The factory, owned by Tazreen Fashion Ltd., had no emergency exits, and workers were burnt alive, Washington-based International Labor Rights Forum said, citing Mohammad Mahbub, a director at the fire department operations. Some workers jumped from the eight-story building to escape the flames, according to Mohammad Sharif, who runs a local grocery store and whose parents-in-law worked at the plant.

The manufacturers’ association estimates the death toll at 113, Mohiuddin said. The group announced a day-long shutdown to mourn the deaths, he said.

Bangladesh is the world’s second-largest apparel exporter after China. Textiles contribute more than 10% of Bangladesh’s gross domestic product and about 80% of the nation’s exports, mainly to the U.S. and the EU, according to the website of the Bangladesh Garment Manufacturers and Exporters Association.

About 700 garment workers have died since 2005 because of unsafe buildings in the Asian country, the International Labor Rights Forum said in a statement. As wages have risen in China, companies such as Li & Fung Ltd., the world’s largest supplier of clothes and toys to retailers, are tapping Bangladesh and other lower-cost Asian countries.

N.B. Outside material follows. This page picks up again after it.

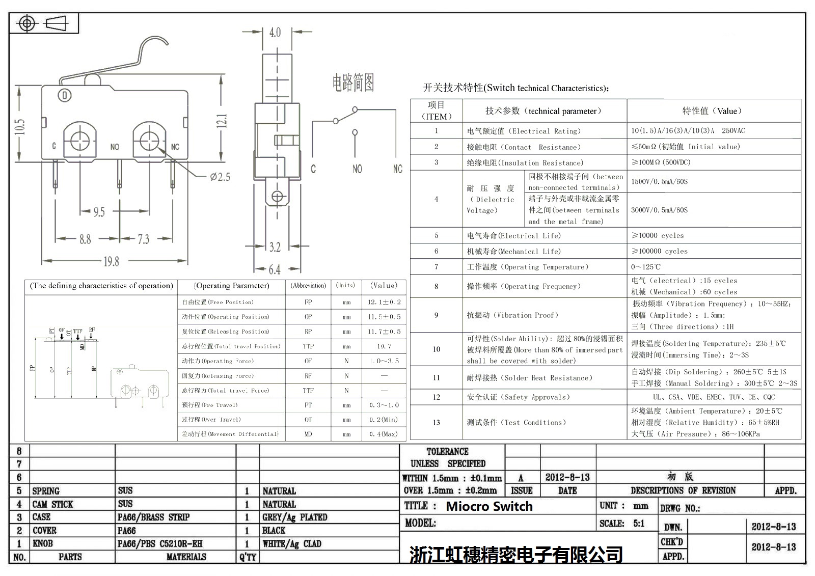 微動開關電氣特性

Tazreen Fashion, a unit of textile manufacturer Tuba Group, employs 1,200 workers and exports goods worth $36 million a year, mainly to the U.S. and Europe, according to the company’s website. The factory that burned down has produced apparel for Li & Fung, whose clients include Wal-Mart and Target Corp. Li & Fung, a Hong Kong-based outsourcer, has said it is in contact with the factory’s owner and that it will conduct its own investigation.

“We are very distressed and saddened by the deaths of workers and wish to express our deepest condolences to the families of the victims,” Li & Fung said in an e-mailed statement. It is matching the association’s financial assistance by pledging 100,000 takas ($1,234) to each family of every victim.

The fire won’t have any material impact on the company’s financial performance and the total value of orders placed by its U.S. subsidiary for the year amounted to $111,000, Li & Fung said in a statement to Hong Kong’s stock exchange. It hasn’t placed orders for other customers with Tazreen, it said.

Li & Fung U.S. representatives didn’t immediately return a phone message and e-mail seeking comment about Wal-Mart’s firing of the supplier.

Wal-Mart said on its website that it has visited supplier factories to identify those deemed “high risk for fire safety hazards” In 2011, the company stopped working with 49 factories in Bangladesh due to fire safety issues, it said.

C&A, the discount chain owned by Switzerland’s Cofra Holding AG, confirmed it has business ties to Tazreen Fashion, which was commissioned to supply C&A Brazil with 220,000 sweatshirts in the period from December until February 2013.

“The victims and their families are in our thoughts and prayers,” Thorsten Rolfes, a spokesman for C&A Europe, said in the statement posted on its website.

Another fire at a 10-story building housing three garment manufacturing units broke out in capital Dhaka and injured eight workers, local TV channel Somoy reported yesterday.

In March 2012, PVH Corp., which markets Tommy Hilfiger and Calvin Klein, signed an agreement with Bangladeshi unions, international unions and other labor rights groups to develop a fire safety program to prevent future deaths in Bangladesh’s garment industry, ILRF said. The group is calling for urgent action to protect factory workers.